- Pound to Euro Rate Today (11-1-16): 1.1522, day's high: 1.1553, day's low: 1.1502
- Pound to Dollar Rate Today: 1.2165, day's high: 1.2199, day's low: 1.2148
Pound Sterling has fallen notably through the course of January as markets start to focus on upcoming Brexit negotiations and price in the negatives associated with the United Kingdom's withdrawal from the European Union's single market.
Or at least that is the conensus view.
A drop in inbound capital from investors buying into the bond market may be the significant factor in Pound sterling’s recent decline, according to Société Générale’s Kit Juckes.
in a note seen by Pound Sterling Live, Juckes argues that the Pound is reacting to moves in ‘real’ yields on UK sovereign debt.
The real yield is a bond's yield minus inflation.
So, for example, if a bond has a yield of 3.0%, which means it pays the bond holder 3.0% interest per annum, and the inflation in a country or origin is 2.0% then the real yield is only 1.0%.
This is because in reality the bondholder is actually only making a profit of 1.0% taking into account inflation erosion.

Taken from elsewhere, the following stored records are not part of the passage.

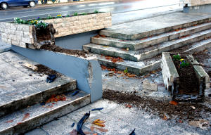 10.12.2006. - Betonska arla za cvijeće, preuzevši na sebe silinu udarca, jutros oko 4 sata spasila je četvoricu mladića, kada je njihov golf izletio iz zavoja ravno pred metkovsko kazalište.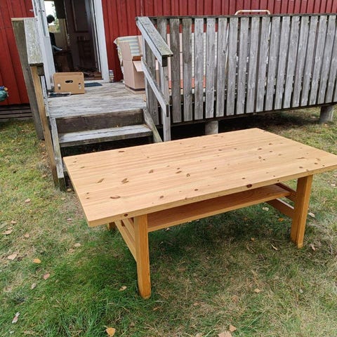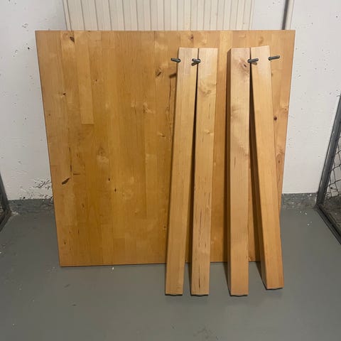 Ekbord med 6 stolar + 2 iläggsskivor. Säljes nedmonterat och klart för transport.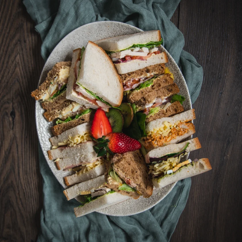 White & brown bread sandwiches with an assortment of fillings, quartered in a kraft

According to Juckes, investors don’t just seek higher yields but actually seek higher real yields.
Juckes posits a relationship between British real yields which are narrowing and the Euro to Pound exchange rate which is strengthening (i.e Pound weakening against the Euro).
UK real yields are also at the bottom of the G10 league table, making UK bonds the least attractive investment in the developed asset universe.
Real yields are narrowing because inflation is creeping higher due to the weak Pound raising the cost of imports.
This, and the fact the UK imports more than it exports – is raising prices.
Yet the narrowing yield/inflation spread may further pressure the British Pound, which will in turn narrow real yields further, in a vicious cycle, causing a negative feedback loop which will speed up Sterling’s decline.
Thus we have a perfect example of what George Soros called ‘reflexivity’ and made the cornerstone of his investment philosophy.
The US Dollar Could be Too Rich
It's not just the Pound that is throwing up interesting correlations with real yields.
Using a chart comparing the real yield of the 10-year US Treasury Bond with the Dollar index, Juckes shows how there is a strong correlation between the two, and that falling real yields in the US are likely to forebode a weaker Dollar.
Most analysts we have come across are anticipating a stronger US Dollar in 2017, but many are arguing that a period of depreciation must be accounted for.
If the above observations have any predictive powers then such a slip is indeed likely and only when real yields start rising again will the Dollar find upside traction.